## INSTRUCTIONS TO FOLLOW
Give the records below again in full, exactly as written, but without any images.

Dataset items:
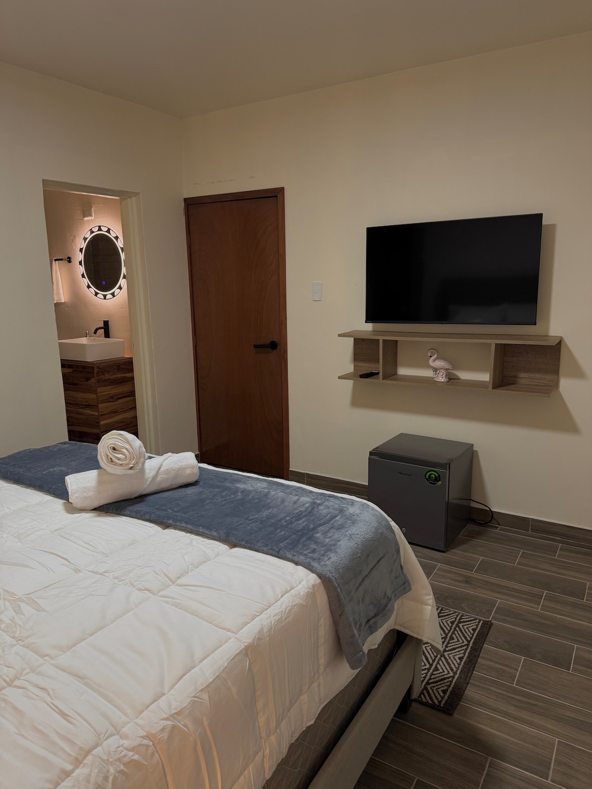 Disfruta de la sencillez de este alojamiento tranquilo y céntrico. Cuenta con cocina completa, baño con jacuzzi, internet independiente, área para trabajar, smart tv, acceso a lavadora y secadora y estacionamiento.
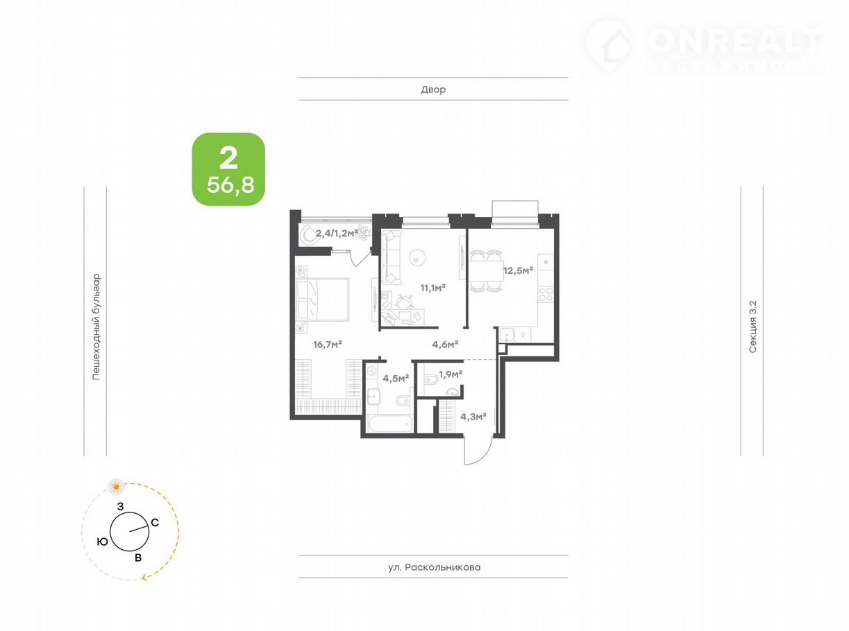 Количество комнат 2
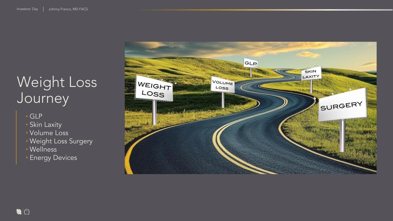 Weight Loss Journey • GLP • Skin Laxity • Volume Loss • Weight Loss Surgery • Wellness • Energy Devices Johnny Franco, MD FACSInvestors’ Day
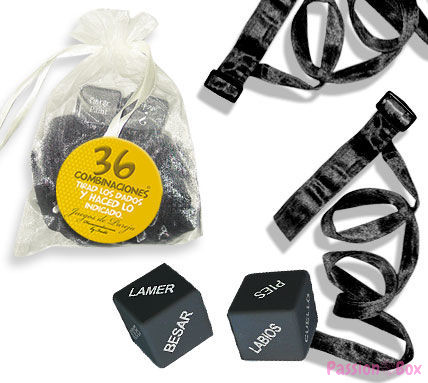 CONTENT: 2 Black Bondage Restraints, 2 Dice (Action / Body), Organza Bag
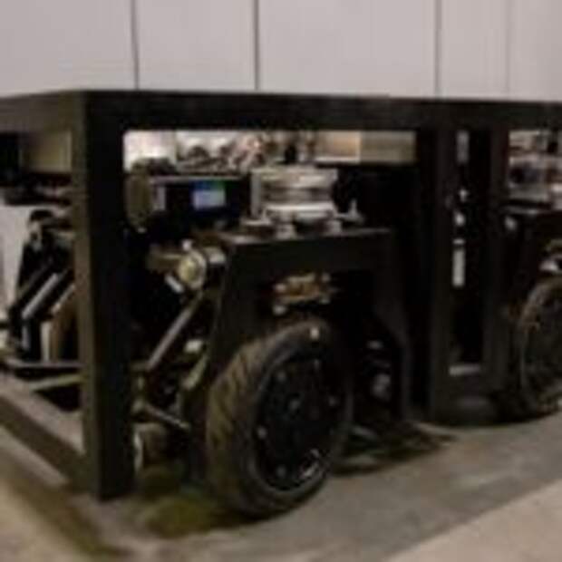 Благодаря модульной конструкции платформа может быть укомплектована аппаратурой для выполнения различных задач. Колесный робот способен перевозить грузы весом до 150 кг.
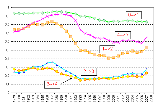 детей, с 2000 года – вероятность вторых рождений. Вероятности появления
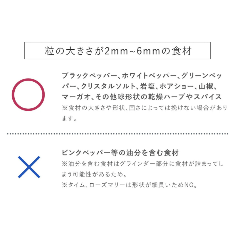また、摩擦熱が生じにくいため、熱で飛びやすい胡椒の香りを保ちます。
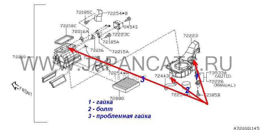 Третью (верхнюю) гайку можно не трогать. Для того чтобы вытащить воздушный короб без проблем, нужно открутить часть металлического упора слева (2 гайки на 10), к которому крепилась панель бардачка слева. Затем откручиваем нижние болт и гайку воздуховода, и просто отстегиваем нижнюю часть короба(черная) от верхней в которую ставится фильтр салона(у меня белая), она на защелках — слева и справа по одной. После чего нижняя часть вынимается без проблем.

## WRITTEN SOLUTION
 Disfruta de la sencillez de este alojamiento tranquilo y céntrico. Cuenta con cocina completa, baño con jacuzzi, internet independiente, área para trabajar, smart tv, acceso a lavadora y secadora y estacionamiento.
 Количество комнат 2
 Weight Loss Journey • GLP • Skin Laxity • Volume Loss • Weight Loss Surgery • Wellness • Energy Devices Johnny Franco, MD FACSInvestors’ Day
 CONTENT: 2 Black Bondage Restraints, 2 Dice (Action / Body), Organza Bag
 Благодаря модульной конструкции платформа может быть укомплектована аппаратурой для выполнения различных задач. Колесный робот способен перевозить грузы весом до 150 кг.
 детей, с 2000 года – вероятность вторых рождений. Вероятности появления
また、摩擦熱が生じにくいため、熱で飛びやすい胡椒の香りを保ちます。
 Третью (верхнюю) гайку можно не трогать. Для того чтобы вытащить воздушный короб без проблем, нужно открутить часть металлического упора слева (2 гайки на 10), к которому крепилась панель бардачка слева. Затем откручиваем нижние болт и гайку воздуховода, и просто отстегиваем нижнюю часть короба(черная) от верхней в которую ставится фильтр салона(у меня белая), она на защелках — слева и справа по одной. После чего нижняя часть вынимается без проблем.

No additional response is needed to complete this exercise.